In relationships, I’m not generally the jealous type. And it’s a huge turn off for me to date jealous men. Especially since I’m a forever tomboy and some guys have a real problem with this, subscribing to a black and white belief that men are only my friend because they are waiting to have sex with me. While I agree there are some men who are this way, and likely some men I’m friends with who have this “hidden” agenda, it is not always the case and I’m not so narcissistic to think everyone wants to sleep with me. In fact, the accusation says much more about the accuser than the accused. Furthermore, I’ve been turned down by guy friends I’ve both either suggested we fool around or date.
Being turned down doesn’t necessarily make me jealous. People have their reasons. Attraction can be fickle. And love has it’s own agenda. So being rejected doesn’t instantaneously make me jealous. Generally, if I like a person, I want them to be happy whether it’s with me or not. It’s a different story when you’re in love. The cold pang of jealousy stings when the person you’re in love with pines for someone else. Ultimately, if someone I’m in deep for doesn’t want to be with me, I can be happy for them knowing they are happy, but not without the wounds of Cupid’s arrows in my heart. Love is so often a mixture of happiness and sadness.
I don’t care for materialistic things, so walking down Fifth Avenue I do not desire the overpriced brand names Americans are especially brain washed to want because they think it will make them sexy or prove status.

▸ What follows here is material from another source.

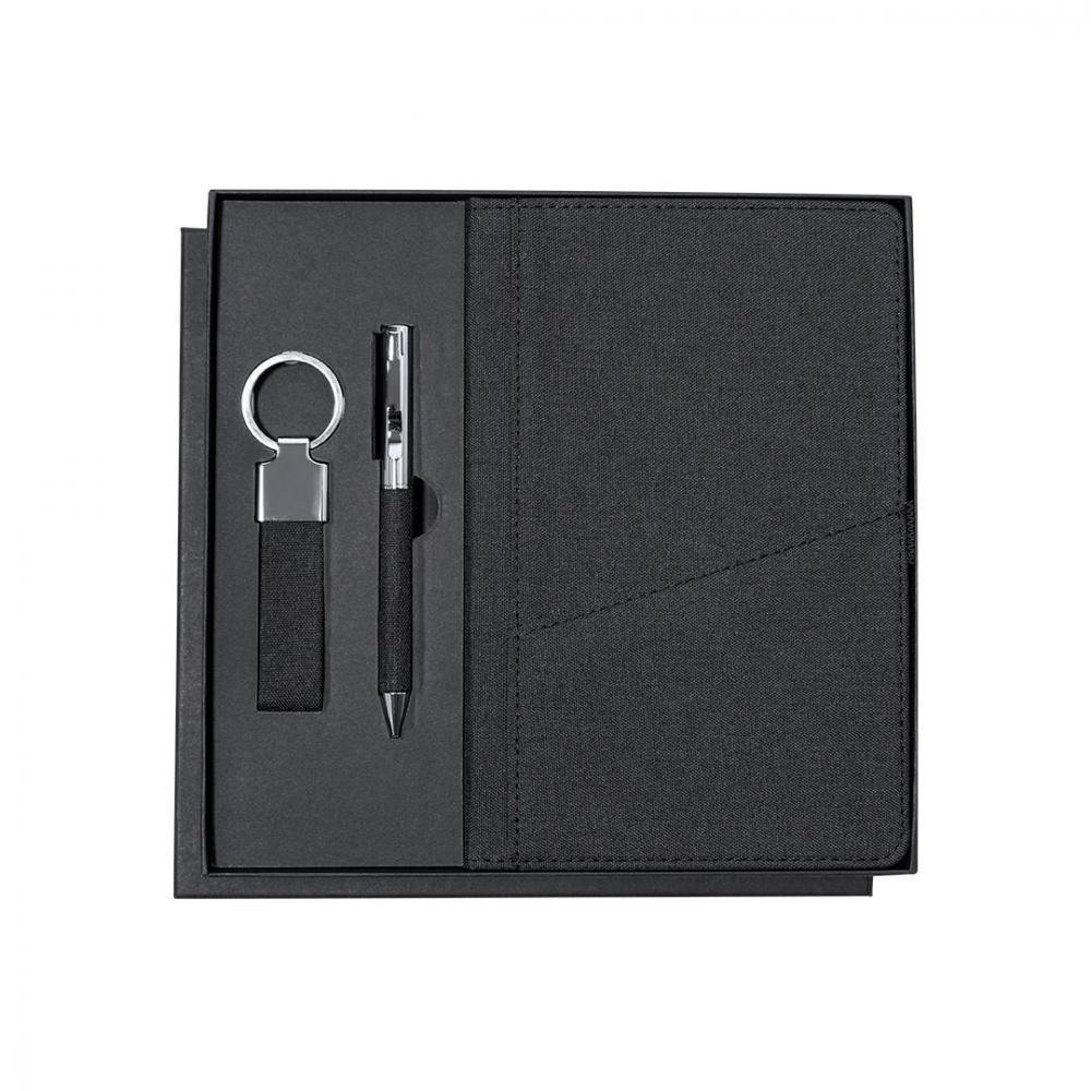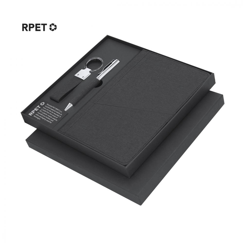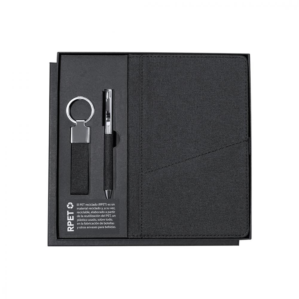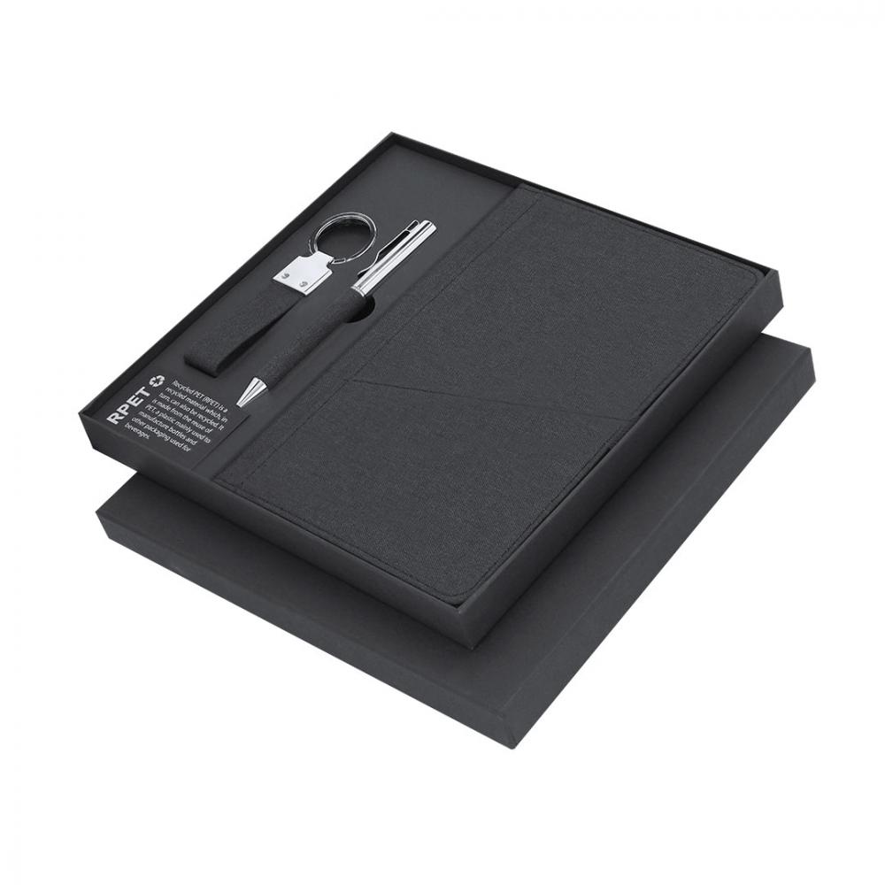 Элегантный премиум-набор, который включает: блокнот из RPET в элегантном черном цвете. Включает в себя эластичное закрытие, передний карман и тканевую закладку. Внутренняя часть с 80 линейными кремовыми листами. Ручка из RPET с матовым черным покрытием, вращающимся механизмом и синим чернилами. С клипом и полированным металлическим наконечником. Элегантный брелок с ремешком из RPET 300D полиэстера и хромированными аксессуарами. Набор представлен в индивидуальном матовом футляре, с вырезанным под каждый элемент набора и картой RPET внутри. Материал RPET изготовлен из переработанного пластика, способствуя повторному использованию пластиковых отходов и помогая поддерживать планету. Блокнот с твердой обложкой. 80 листов. Ручка. Брелок. Полиэстер 300D RPET/Металл.

This is shallow. Too many people exchange true identity for Armani. The thing I do desire is delicious dinners. I don’t feel envy towards patrons of fancy restaurants in the sense that I want to be them. I still want to be me. I do not feel negatively towards them because they can afford a $200 dinner, but I do salivate at their courses and cocktails.
There was a moment I experienced intense jealousy, and it was at a St. Vincent concert. Anyone who knows me knows my top female crush and the woman I would turn fully gay for is Annie Clarke. She rips guitar, she’s some sort of musical genius, wonderfully weird and stunningly beautiful. I’m a fucking creep for Annie and I’m not even afraid to admit it. Anyway, my friend Katrina and I saw St. Vincent at Radio City some years ago. And it just so happened a female comedian (from LA, I didn’t know her) opened for St. Vincent. And the comedian did hack material that was cringey to me. I was practically fuming. I dismissed myself, unable to watch. I fled to the bar to get drinks and when I returned, Katrina (knowing my love and somewhat obsessiveness for Annie) who has great taste in comedy said, “yeah, it’s good you weren’t here for the rest of her set.”
The feeling, though, was fleeting. I am happy to report that sometimes when I’m scrolling on social media, if I am subjected to a sting of jealousy, it usually goes as quick as it comes. I’ve created a life for myself that others are envious of because I chase passions, find authentic friends, and go where I feel alive. I choose not to live a life where I wish I’m someone else. I always want to be me. And therefore, jealousy remains an artificial emotion, one that tastes bad to me, and I can quickly spit out.